The bed creaked as it took his weight. The mattress stank of mold. He needed new furniture. Tear out the seventies shag. The woman flinched when he threw the covers off. Silvery hair. Smooth shining breasts. Large, dark nipples. Oh yeah. A songwriter; just another wannabe.
"Hey there," he said, and pushed her over on her back.
"I don't want to. You're too rough. I was asleep —"
"Nobody asked if you wanted to," he grunted, twisting a fist into her hair. Get them by the hair, they didn't fight long. Pulling her head back as his hand clapped between her legs and twisted. He set his knees and followed his fingers with his prick, driving it in with his full weight. She cried out and fought, striking his back with hard little fists. She connected with a lucky blow to his ear and he started to choke her, but restrained himself just in time.

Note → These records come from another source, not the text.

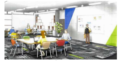
『うじらぼ』イメージ図

『うじらぼ』は、市内企業の製品展示を行っていた産業情報コーナーを一新、コワーキングスペース、イベントスペース、情報発信スペースの3つの空間で構成されます。宇治市産業戦略のコンセプト「広がる、生まれる、進化する“産業交流都市・UJI”」の実現に向け、様々な人の交流を通して、新たなアイデア・事業・商品・働き方等の新しい価値を生み出す空間を目指します。テレワークやミーティング、研修、イベントなどお気軽にご利用ください。
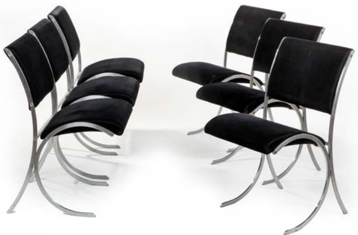
159 SUITE DE SIX CHAISES en métal chromé et velours noir Edité par la Maison Jansen Paris, France, années 1970 82 x 44 x 45 cm € 1 100 – 1 800
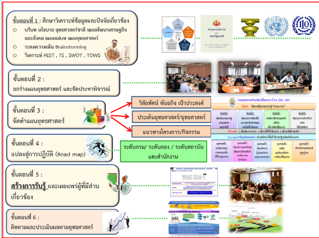
ภาพที่ ๑.๑ ขั้นตอนการจัดทำ (ร่าง) แผนยุทธศาสตร์กรมพัฒนาฝีมือแรงงาน พ.ศ. ๒๕๖๐ – ๒๕๖๔
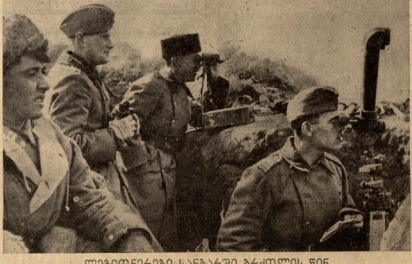
ლეონინიანი სანარაში ბარძლოს წიხ
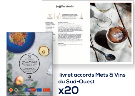
livret accords Mets & Vins du Sud-Ouest x20
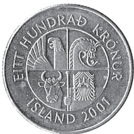
3 ir 4 pav. Islandijos herbe ir monetų averse vaizduojamos dvasios žemės saugotojos

piktą lemtį, sunkią dalią ir nelaimes. Jie, kaip buvo tikima, prisigretindavo prie žmonių tik tam tikrais gyvenimo tarpsniais ar momentais, sunkių išbandymų metu 14 .
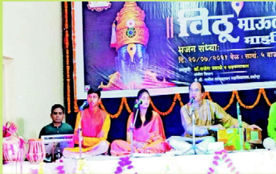
Vithu Mauli Programme
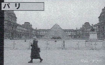
パリ ルーブル美術館は閉鎖され、許可証なしの外出には罰金が科される
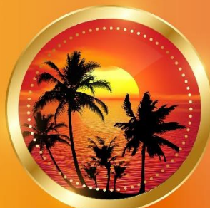
SUMMER มิถุนายน-สิงหาคม
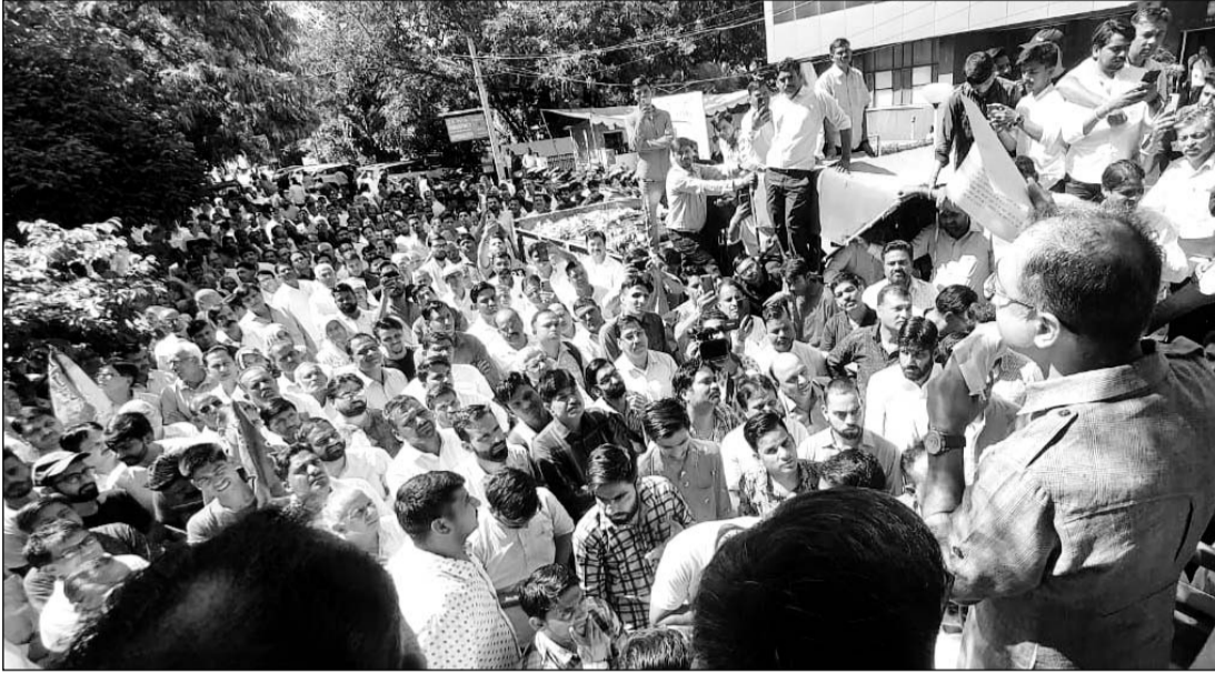
सांगानेर क्षेत्र की 400 कॉलोनियों के हजारों लोगों ने सोमवार को ग्रेटर निगम मुख्यालय पर विरोध प्रदर्शन किया।
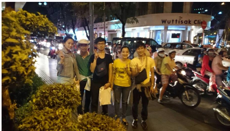
最後にベトナムの学会参加されていた方と記念写真
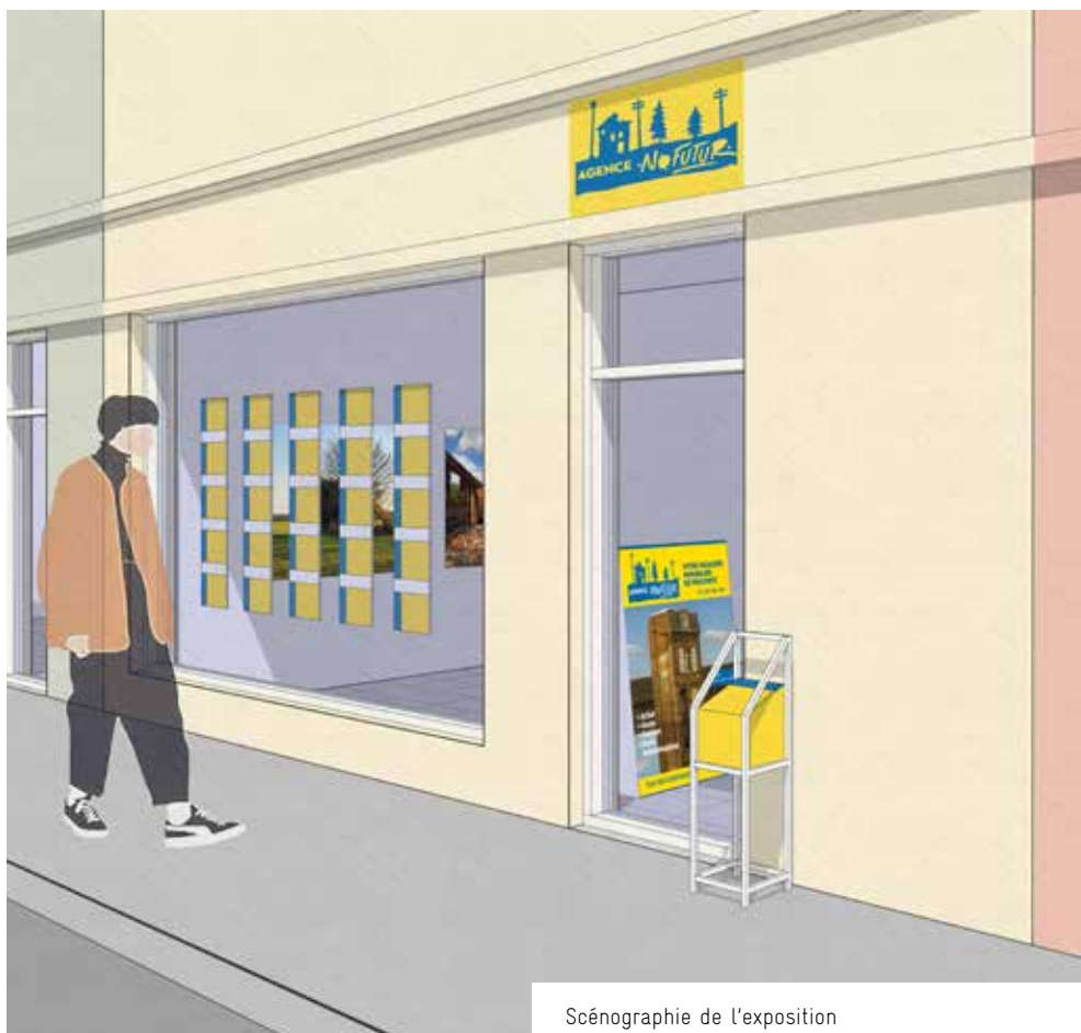
Scénographie de l'exposition
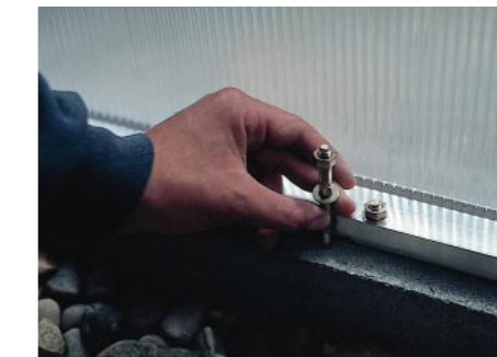
Einfache Befestigung mit Schwerlastdübeln
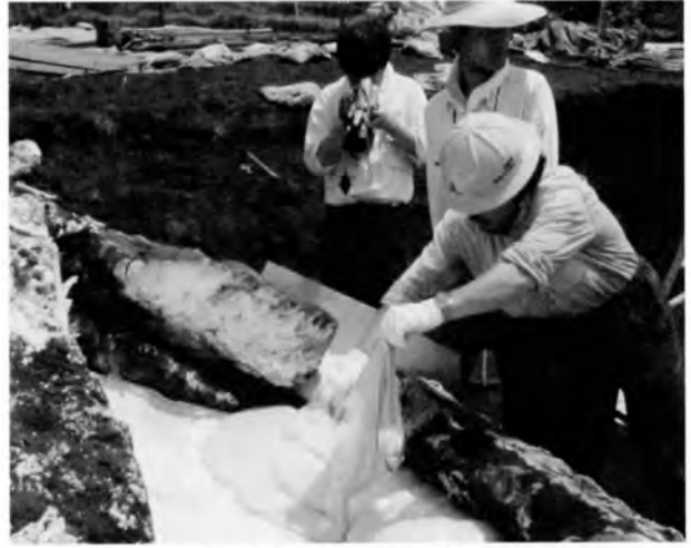
裏面の土の掘削とウレタンの流し込み
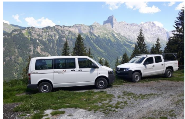
Die Transportfahrzeuge wurden von der Privatklinik Hasliberg zur Verfügung gestellt!
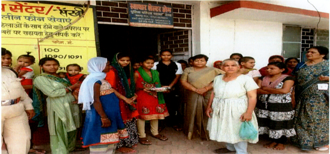
पुलिस परिवार परामर्श केंद्र, जबलपुर का निरीक्षण

माननीय उपाध्यक्ष महोदया द्वारा पुलिस परिवार परामर्श केंद्र, जबलपुर के दौरे के दौरान जाना कि इस सेन्टर का संचालन सवधार होम, जबलपुर, पुलिस लाइन, जेल रोड़ द्वारा किया जाता है। यहां पर उन महिलाओं, बच्चे, लड़कियों को रखा जाता है, जिनको पुलिस लाती है। इस कार्य की देखरेख एक स्वयं सेवी संस्था करती है। इस संबंध में उपाध्यक्ष महोदया ने अनुशंसा की है कि स्वयं सेवी संस्था द्वारा महिलाओं, लड़कियों की देखभाल के लिए संस्था को सरकार द्वारा अनुदान दिया जाना चाहिए।
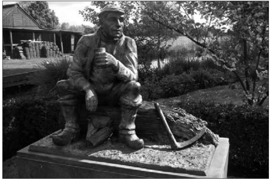
Beeld van de 'Rietwerker'

In Spanga, waar een ooievaarscentrum is, drink ik koffie in een cafe/ buurt huis met antieke koffiemolens, rommelig maar gezellig. Een tandem staat te koop in het invaliden-damestoilet.
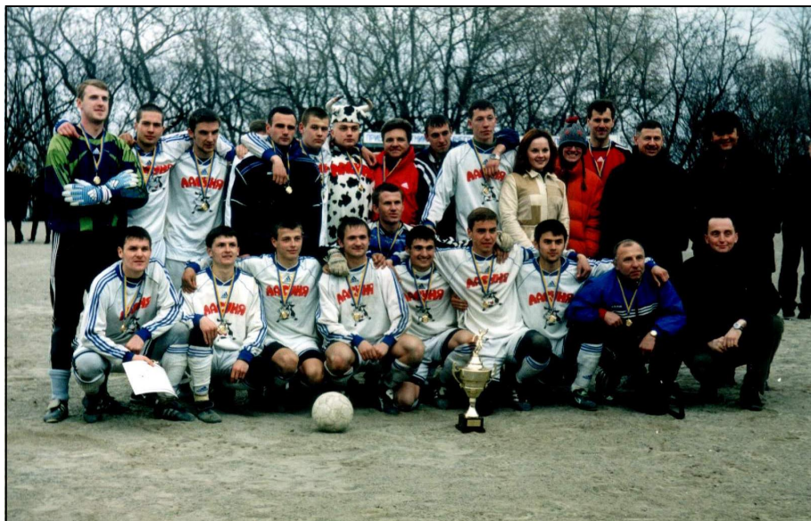
«ЛАСУНЯ» стала трехкратной победительницей зимнего первенства Одессы
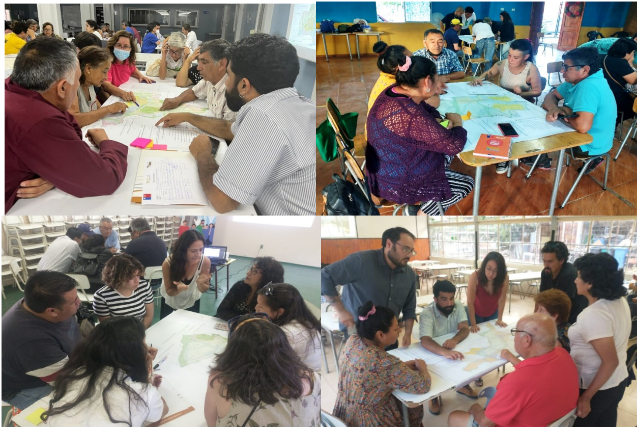
Fig. 4. Registro 3ª Jornada de Participación Ciudadana con presencia de pueblos originarios / PRC_MPatria
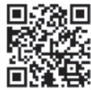
職場体験実習 QRコード
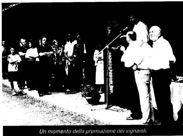
Un momento della premiazione dei vignaioli.

Segue articolo: "Concorso degustazione vini del Roero" a pag. 1
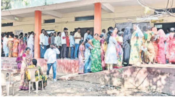
ధర్మవరంలో ఈవీఎం మొరాయింపడంతో వేచిపూస్తున్న ఓటర్లు
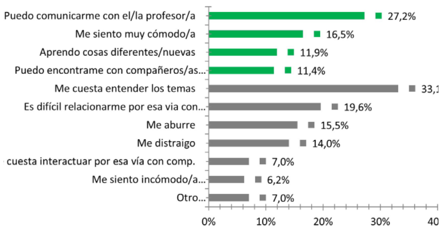
Figura 3.3. Percepción de lxs estudiantes del nivel secundario sobre las clases virtuales. Provincia de Neuquén. 2020

Fuente: elaboración propia en base a datos de la encuesta.
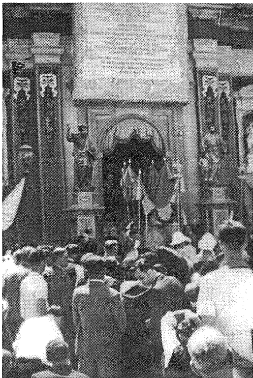
L-armar tal-faccata tal-knisja iservi ta' sfond għall-purċissjoni ta' Corpus Domini
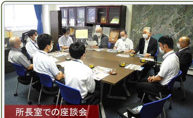
所長室での座談会
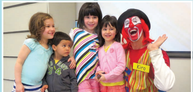
Journée portes ouvertes de la Maison de la Famille
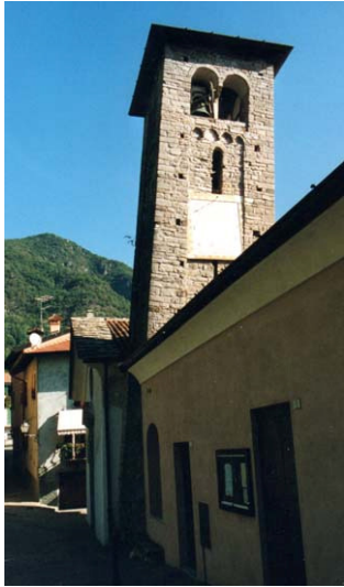
De scheve klokkentoren van Nobiallo

Op korte afstand van het dorp vinden we langs de via Regina het kerkje van de Madonna della Pace, dat gebouwd werd ter ere van de vrede van de Pyreneeën tussen Frankrijk en Spanje in 1658.

Holding her down, his other hand over her mouth, Teddy Oberg plowed toward the only personal forgetting left. Knowing even as he triggered, pale neon lancing behind his eyes, that as soon as it was over, the images would return.
6:05 A.M., EST, PORTLAND, MAINE
Two Middle Eastern men check in to their flight to Boston, with a connection to LA. One, an Egyptian architect, sets off an automated screening system as a flight risk. Security holds his bags until they confirm he's actually boarded.
In Boston, one flier takes a cell call from a traveler at Logan waiting to board another aircraft. As he and other men check in for the next flight, the security system flags more of them. Again, the security people hold their bags. But they all pass through the metal detectors and security checkpoints and quietly enplane.